ChaoticNeutralCzech

joined 5 months ago
[–] ChaoticNeutralCzech 5 points 2 months ago

Like the Lego movies, it should embrace the limitations and aesthetics of the blocks, not superficially enhance them. However, I'm pretty sure players with years of experience making YouTube videos will recreate the movie in-engine, block for block.

I wonder if there is a Redstone machine anywhere in the movie.

[–] ChaoticNeutralCzech 3 points 2 months ago* (last edited 2 months ago) (2 children)

Logarithmic cannot start at 0 and would have equal spacing between 500, 1000 and 2000.

I am confused because the font seems to be Aptos, the current default in Micro$oft Office, but Excel does not allow any other type of scale on X-Y plots.

[–] ChaoticNeutralCzech 2 points 2 months ago

"Top 15 Least" or "Bottom 15 Most". You can't have both.

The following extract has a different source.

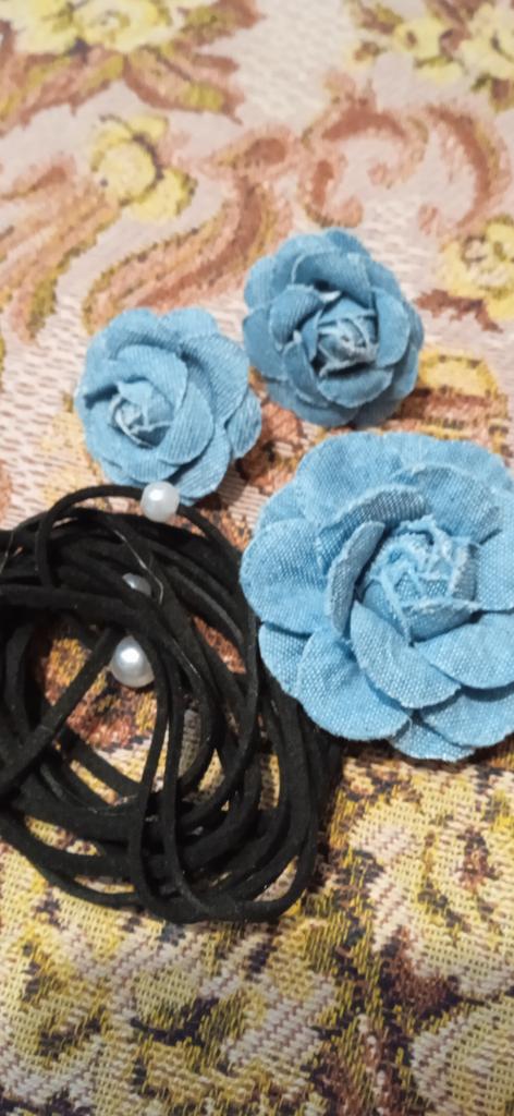 Blue Camellia Flower Stud Ear Necklace Bridal Jewelry Sets Wedding France Lace Up Clavicle Necklaces Earring Pearl Jewelry Women

[–] ChaoticNeutralCzech 13 points 2 months ago

Too bad a hundred million people are still too detached from reality to acknowledge this. The unfucking of America will take at least the better part of a century.

[–] ChaoticNeutralCzech 69 points 2 months ago (14 children)

The sad thing is, he will end up winning more than 20 states despite this.

[–] ChaoticNeutralCzech 13 points 2 months ago (9 children)

The scale is neither linear nor logarithmic. What?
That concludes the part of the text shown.